Thank you for this quick answer I had this intuition but I was not sure. Indeed, I was wondering if the convolution could have not done this task. It is more clearer for me now. Thanks again
Hi,
I read the paper and your implementation of PCD. Thanks, it's pretty much clear and I've understood some of the new concepts you bring. I'm trying currently to go deep into my understanding of PCD, in particular this piece of code:
# L2
L2_offset = torch.cat([nbr_fea_l[1], ref_fea_l[1]], dim=1)
L2_offset = self.lrelu(self.L2_offset_conv1(L2_offset))
L3_offset = F.interpolate(L3_offset, scale_factor=2, mode='bilinear', align_corners=False)
L2_offset = self.lrelu(self.L2_offset_conv2(torch.cat([L2_offset, L3_offset * 2], dim=1)))

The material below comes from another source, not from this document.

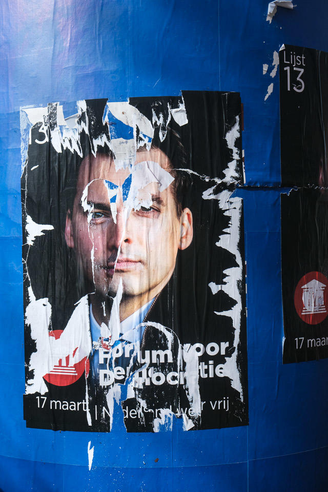 Today many posters for political parties appeared in tram and bus stops in Den Haag, including posters from Forum voor Democratie. Hours after their posters were put up they are already gone!
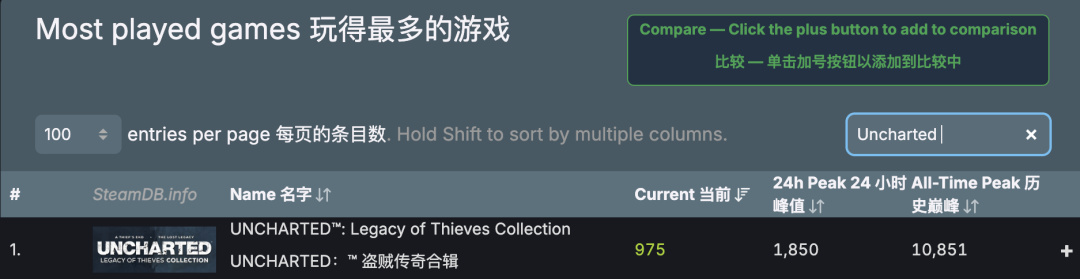 古墓丽影最新作《 古墓丽影:暗影 》 steam 历史峰值也就 38268 人。《 神秘海域 》盗贼传奇合辑被吹上天, steam 历史峰值是 10851 人。

L2_offset = self.lrelu(self.L2_offset_conv3(L2_offset))
I understand that the l-th level offsets are calculated from upsampled l+1-th level offsets but there is one thing that I still don't get in the implementation. Why do you multiply the values of L3_offset by 2 after the upsampling ? In EDVR_arch.py, line 108
L2_offset= self.lrelu(self.L2_offset_conv2(torch.cat([L2_offset, L3_offset * 2], dim=1)))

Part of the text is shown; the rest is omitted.